Many attempts have been made to explain the cause of behavioral symptoms of dementia.  This seems to me like putting the cart before the horse.  If we do not understand the causes or even the process involved in dementia, how can we make an educated guess as to why certain symptoms are manifested?

There are many models of explanation and treatment philosophy for addressing these symptoms.  Several are discussed in this section as it is believed the caregiver’s perception of why behaviors occur drives the choice of intervention used to address them.

 

Need-Driven Dementia-Compromised Behavior (NDB)

 

The Need-Driven Dementia-Compromised Behavior (NDB) model looks at dementia from the standpoint that the IWD’s behavior expresses a need or goal that he/she is trying to get met or accomplished.  Behaviors are influenced by the environment and existing background factors in the following areas:

            Neurological – changes in the brain itself (chemical/plaque changes, TIAs, etc.)

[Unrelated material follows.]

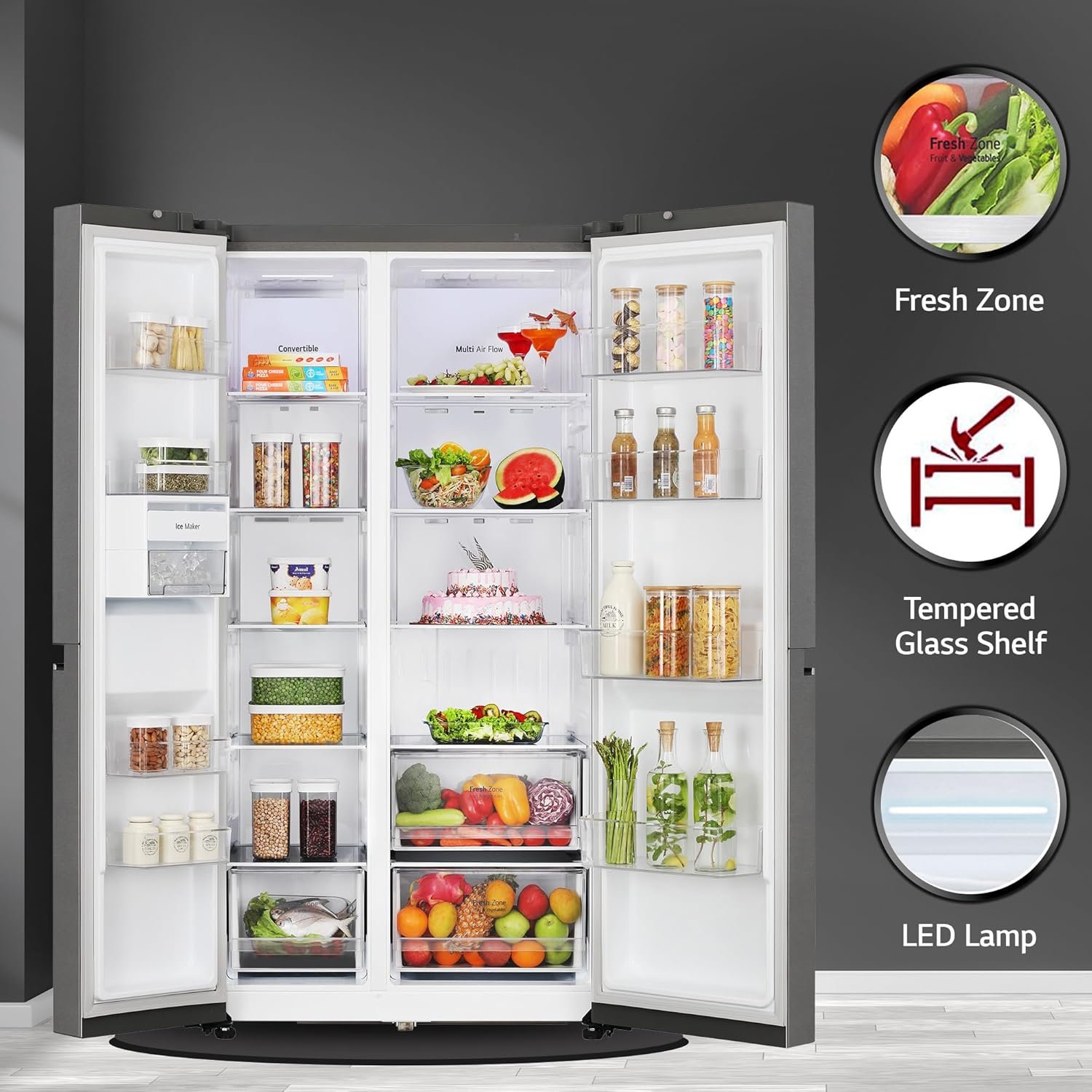Special Features: Convertible – Offers you more space to suit your needs | Adjustable shelves, Twist Ice Maker, inverter, Temperature control, Interior LED, Pocket Handle, LED Display, Child Lock, Door Alarm, Deodorizer, Ice Tray

            Cognitive—memory and attention, use of language

            Health status – including emotional state, mobility, and

            Psychological – stress level, personality.

Since all these background factors change as the disease progresses, how the needs are expressed also changes (Algase DL et al., 1996).  For example, dad would (unfortunately) tell caregivers whom he thought talked too much to shut up early in his dementia.  Today, it appears he tunes them out by sleeping/napping rather than using language to address his need for quiet. (Decreased ability for speech is a part of the progression of the disease).   It is almost as if you get one behavior figured out, and then another pops up or you receive a response you did not expect.  We also noticed a pattern of how he would respond to the changes in caregiving staff on the weekend.  Visibly agitated, he became more aggressive—physically and vocally – when someone new would show up to care for him.  It seemed he would vigorously protest the change!  This is an important reason for consistency of caregiving staff when possible.

 

The NDB theory closely parallels the person-centered care model.  Background factors are changed with the progression of dementia and are not controllable.  Modifications of the environment, however, can be made to correspond to individual needs.  This model hypothesizes that many behavioral issues result from the individual’s perceived lack of purpose or meaningful activity (Colling and Buettner, 2002).  It is important to engage the client in activities to the extent they can participate regardless of the stage of the disease. 

 

Progressively Lowered Stress Threshold Model (PLST)

 

Progressively Lowered Stress Threshold Model (PLST) postulates that as dementia progresses, the individual’s stress threshold lowers or decreases and provokes behavioral symptoms.  These symptoms include sleep disturbances, purposeful wandering or repetitive behavior; aggressive, agitated or anxious behaviors, or noisy behaviors.  This model identifies 5 stressors that invoke the behaviors.  These stressors include:

            Fatigue

            Change in the environment, routine, or caregiver

            Misleading stimuli or inappropriate stimulus levels (including changes in environment,   

                routine, caregiver)

Demands that exceed functional ability (including unrealistic expectations to respond),

    and

Physical stressors (pain, discomfort, acute illness, depression.) (Volcier and Hurley,                                                    

    2003).

 

An earlier summary of this theory (Hall and Buckwalter, 1987) identified a sixth trigger, typically seen at the early stages of dementia.  This sixth trigger was identified as perception of loss, defining this as an awareness of lost functioning and activities.  It is believed this sixth trigger would be most noticeably present in early stages.  The Hall and Buckwalter (1987) study labeled the physical stressors category as delirium, and included trauma, urinary infection, trauma, and adverse drug reactions as causative factors.   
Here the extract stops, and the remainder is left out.